[AVAILABLE DATA Boundary: Start]

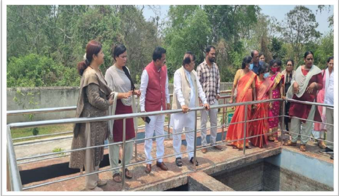
ಕಟಕ್ ನಗರದಲ್ಲಿ ಮಂಗಳಮುಖಯ ಸಂಘದಿಂದ ನಿರ್ವಹಿಸಲ್ಪಡುತ್ತಿರುವ ಎಸ್‌ಟಿಪಿ ಪ್ಲಾಂಟ್
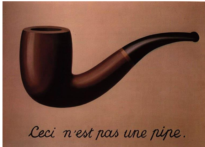
Slika 3. Renée Magritte: „Ovo nije lula“
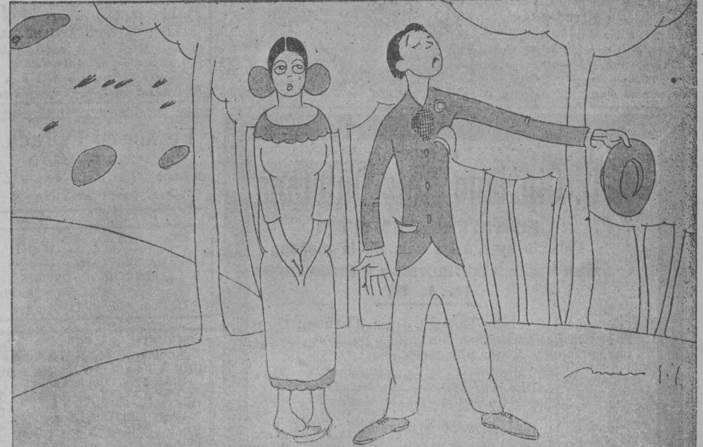
—OH, PRIMAVERA GENTIL, YO QUIERO DIRIGIRTE UN SALUDO!... —BUENO, PERO DATE PRISA EN SALUDARLA Y VAMOS, QUE VA A LLOVER OTRA VEZ.
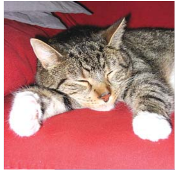
Kater Elvis hat zwei große Leidenschaften.

Kopfmassage, Brustmassage: das volle Programm! Entspannt liege ich auf dem Rücken im Arm meiner Herzensdame und die Welt ist wieder rund. Nach ein paar Minuten lasse ich sie auch wieder weiterarbeiten. Denn schließlich muss sie für mich ja noch möglichst viel Hühnchenfleisch verdienen . . .
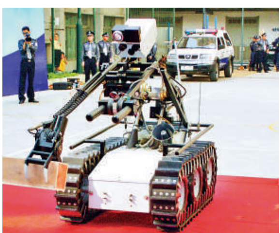
▲大型排爆機器人等高科技設備「增援」，廣州亞運城將變成固若金湯的「安全之城」

廣州警方透露，最近正在購置大批科技警用設備，包括大型排爆機器人、拋投式偵查機器人、便攜式炸藥探測器等，其中僅一台大型排爆機器人價值人民幣約350萬元。警方強調，廣州亞運安保信息化在近期建設完工後，會像北京奧運會一樣，預留出一個「演練期」；而隨着該批安保專用高科技設備的「增援」，比賽期間亞運城將變成固若金湯的「安全之城」。
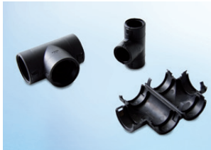
T Piece one-piece, divisible, IP40
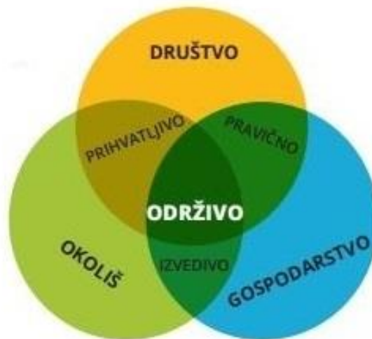
Slika 1: Stupovi održivog razvoja

Cilj održivog razvoja je trojak. On teži gospodarskoj učinkovitosti (ekonomskom razvoju) , društvenoj odgovornosti (socijalnom napretku) i zaštiti okoliša . Tri prethodno navedene stavke se još popularno nazivaju i stupovima održivog razvoja.
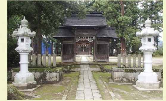
魚沼神社 阿彌陀堂 MAP D 3 魚沼神社興建於室町時代（1563年），被指定為國家重要文化財產。戰國時代，赫赫有名的上杉謙信出兵關東之際，曾在此舉行祈求勝戰的儀式。
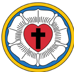
Imagem 2:

Talvez a “rosa de Lutero” seja uma interessante imagem (2) para começarmos, uma vez que o próprio reformador a criou e explicou. A imagem e o texto abaixo estão publicados no site oficial da Ielb.
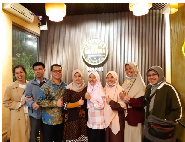
Take a photo with KBRI in Vietnam
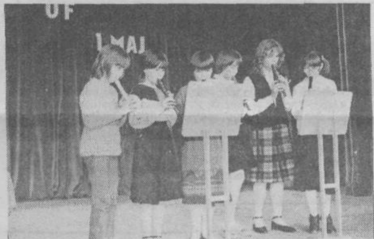
Ansambel blok flavic se je predstavil na slavnostni seji DPO

Proslava 10. obletnice Glasbene šole je bila v petek, 18. maja 1984 ob 20. uri v kulturnem domu. Slavnostni govornik je bil Edo Gale, predsednik skupščine Občinske izobraževalne skupnosti.
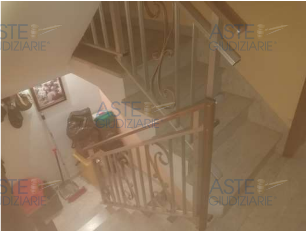
5. Foto interno vano scala piano primo-piano terra
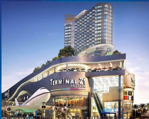
④ 网红terminal21航站楼 扫荡当地本土品牌
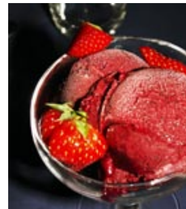
Björnbärssorbet med färska jordgubbar är en vacker och god dessert.
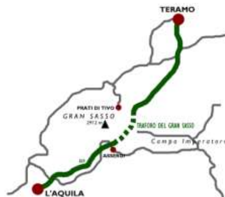
Le Gran Sasso 1) Le Corno Grande, 2) Vue depuis le Campo Imperatore. 3) L'Hôtel Campo

Le Gran Sasso est assorti d'un grand plateau d'une altitude de 1800 mètres, Campo Imperatore . C'est un lieu important pour ses activités sportives et pour son observatoire astronomique (photo ci-contre). C'est à l'Hôtel Campo que Mussolini fut emprisonné en 1943 par le Grand Conseil Fasciste, puis libéré par un commando SS allemand. L'autre grande chaîne du centre est celle de La Maiella (panorama sur la photo page suivante). Quatre de ses monts dépassent les 2500 mètres : le Monte Amaro (2793 m.), I Tre Portoni (2653 m.), Il Pesco Falcone (2657 m.) et le Monte Acquaviva (2737 m.).
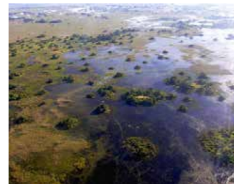
Okavango Δέλτα

συστήματα δέλτα χωρίς έξοδο στη θάλασσα, το οποίο, εξαιτίας των τεκτονικών μετατοπίσεων, εκβάλλει στην έρημο Καλαχάρι. Αποτελεί καταφύγιο σπάνιας ομορφιάς της αφρικανικής φύσης, το οποίο συγκεντρώνει τους τελευταίους μεγάλους πληθυσμούς άγριων ζώων που απειλούνται από εξαφάνιση, όπως ο αφρικανικός ελέφαντας, η ζέβρα, ο λευκός και ο μαύρος ρινόκερος, ο γατόπαρδος και το λιοντάρι της Αφρικής. Πρόκειται για ένα εξαιρετικό παράδειγμα της σχέσης μεταξύ κλιματικών, υδρολογικών και βιολογικών διεργασιών.
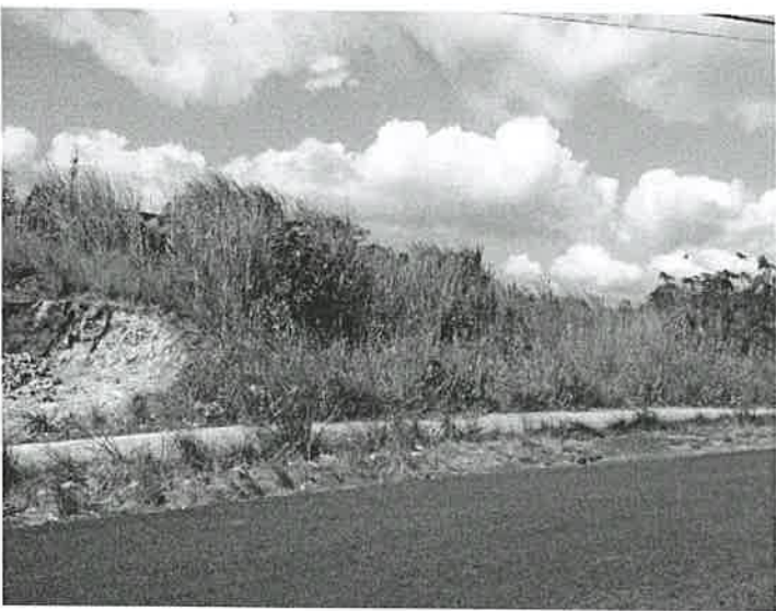
Imágenes: 2: parte frontal del polígono del proyecto. Fecha: 01-03-2023
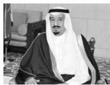
King Salman bin Abdulaziz Al Saud

«Саудия Арабистони қироли Салмон ибн Абдулазиз ал-Сауд мамлакатнинг Вашингтондаги элчихонасига янги раҳбар тайинлади. Янги элчи қиролнинг ўғли шахзода Халид бўлди».
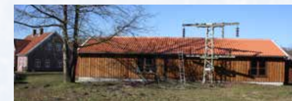
Die neue Halle.

Im Außenbereich lädt der Garten „Buuren-Tuun“ zum Verweilen ein. Hier wurde ein Gewächshaus aufgestellt und eine Kräuterspirale angelegt. Im Frühjahr werden hiesige Produkte gepflanzt und gesät, die die Kinder gerne probieren können. Und dann unser großes Projekt mit der neuen Halle.
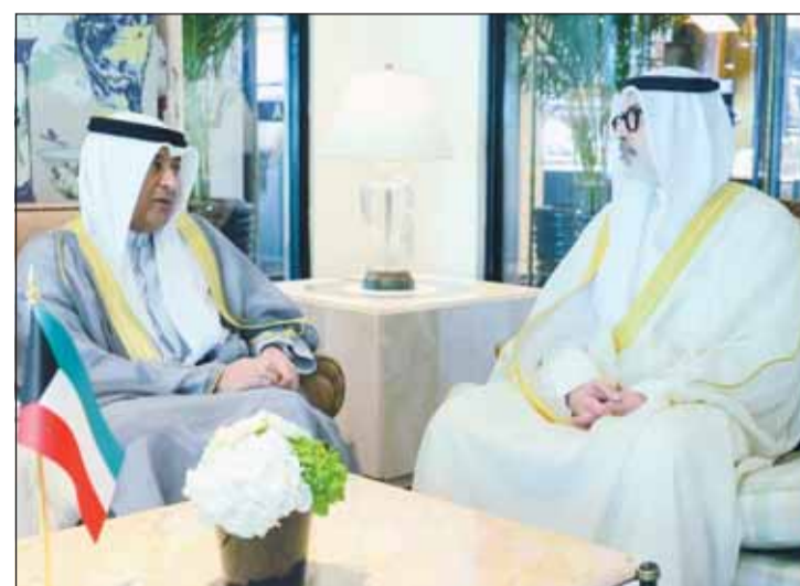
وزير الخارجية الشيخ جراح الجابر لدمه لقاؤه الأمين العام لمجلس التعاون جاسم البديوي

المنامة - كونا، التقى وزير الخارجية الشيخ جراح الجابر، أمس، الأمين العام لمجلس التعاون لدول الخليج العربية جاسم البديوي على هامش أعمال الاجتماع الوزاري المشترك بين المجلس والولايات المتحدة الأميركية الذي عقد في مملكة البحرين الشقيقة. ونذكرت "الخليجية" في بيان لها أنه جرى خلال اللقاء مناقشة أطر تعزيز الجهود الداعمة لمسيرة العمل الخليجي المشترك نمو مزيد من التضامن والترابط وبحث آخر المستجدات على الساحة الإقليمية.
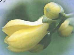
キレンゲショウマ
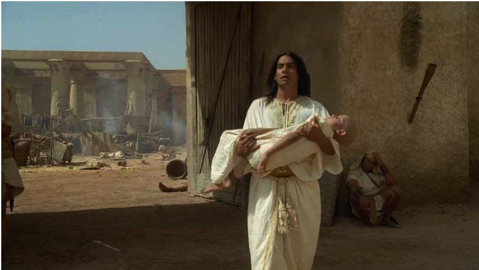
Les Dix Commandements (Dornhelm) : mais, comme tous les premiers nés d'Égypte, il mourut lui aussi,

[AVAILABLE DATA Boundary: End]

#### TRY IT
Lines from the one that contains "وزير الخارجية الشيخ جراح الجابر لدمه" through the last line of the data above are to be extracted exactly, with no pictures and no other lines.

#### RESPONSE AREA
وزير الخارجية الشيخ جراح الجابر لدمه لقاؤه الأمين العام لمجلس التعاون جاسم البديوي

المنامة - كونا، التقى وزير الخارجية الشيخ جراح الجابر، أمس، الأمين العام لمجلس التعاون لدول الخليج العربية جاسم البديوي على هامش أعمال الاجتماع الوزاري المشترك بين المجلس والولايات المتحدة الأميركية الذي عقد في مملكة البحرين الشقيقة. ونذكرت "الخليجية" في بيان لها أنه جرى خلال اللقاء مناقشة أطر تعزيز الجهود الداعمة لمسيرة العمل الخليجي المشترك نمو مزيد من التضامن والترابط وبحث آخر المستجدات على الساحة الإقليمية.
キレンゲショウマ
Les Dix Commandements (Dornhelm) : mais, comme tous les premiers nés d'Égypte, il mourut lui aussi,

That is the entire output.